● **WHAT YOU ARE ASKED TO DO**
As you print the data below, keep every line exactly as it is and leave the images behind.

(Data records)
========

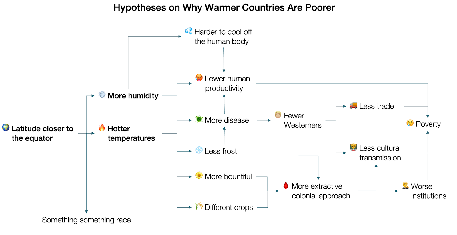 But there’s one theory that I haven’t seen anywhere yet, and that I think is crucial to explain the majority of this phenomenon. So today, I’d like to review what people think causes warm countries to be poorer, and then explain why this other factor is so crucial.
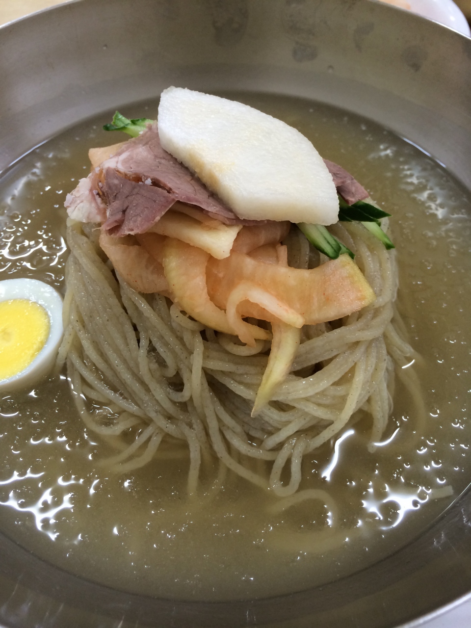 1人なので冷麺しか頼めませんでしたが、チヂミとゆでたお肉を頼んでいる人が多かったです。
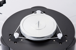 ではなぜ3基ものモーターを使用するのだろうか。ティエンオーディオによると、モーターは1基でも2基でもダメだそうで、それではサブプラッターの水平方向に対してベルトの力が均等ではなくなってしまい、バランスを崩してしまうためだ。3基のモーターが正三角形状のベルトを駆動し、その正三角形に内接する円であるところのサブプラッターを回転させることでパーフェクトな動作が得られるという。回転制御もCPUで行い、ワウフラッターは驚異的。このベルトもゴムではなくシリコンを採用するなど劣化の少ないものを採用し、長期にわたって安定した回転を実現することに配慮した。
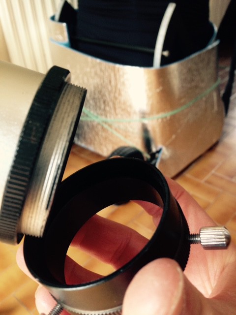 Mais et surtout le serrage est largement insuffisant surtout avec un oculaire lourd comme l'ES 17mm, et il m'est arrivé par 2 fois de rattraper au vol l'ensemble qui commençait à vouloir jouer les hélices d'avion, à cause d'un serrage insuffisant.
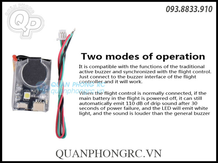 - Khi FC được kết nối bình thường, nếu pin chính của quad bị tắt nguồn thì còi vẫn có thể tự động phát ra âm thanh 110 dB sau 30 giây mất điện và đèn LED sẽ phát ra ánh sáng trắng.

========

● **EXERCISE ANSWER**
 But there’s one theory that I haven’t seen anywhere yet, and that I think is crucial to explain the majority of this phenomenon. So today, I’d like to review what people think causes warm countries to be poorer, and then explain why this other factor is so crucial.
 1人なので冷麺しか頼めませんでしたが、チヂミとゆでたお肉を頼んでいる人が多かったです。
 ではなぜ3基ものモーターを使用するのだろうか。ティエンオーディオによると、モーターは1基でも2基でもダメだそうで、それではサブプラッターの水平方向に対してベルトの力が均等ではなくなってしまい、バランスを崩してしまうためだ。3基のモーターが正三角形状のベルトを駆動し、その正三角形に内接する円であるところのサブプラッターを回転させることでパーフェクトな動作が得られるという。回転制御もCPUで行い、ワウフラッターは驚異的。このベルトもゴムではなくシリコンを採用するなど劣化の少ないものを採用し、長期にわたって安定した回転を実現することに配慮した。
 Mais et surtout le serrage est largement insuffisant surtout avec un oculaire lourd comme l'ES 17mm, et il m'est arrivé par 2 fois de rattraper au vol l'ensemble qui commençait à vouloir jouer les hélices d'avion, à cause d'un serrage insuffisant.
 - Khi FC được kết nối bình thường, nếu pin chính của quad bị tắt nguồn thì còi vẫn có thể tự động phát ra âm thanh 110 dB sau 30 giây mất điện và đèn LED sẽ phát ra ánh sáng trắng.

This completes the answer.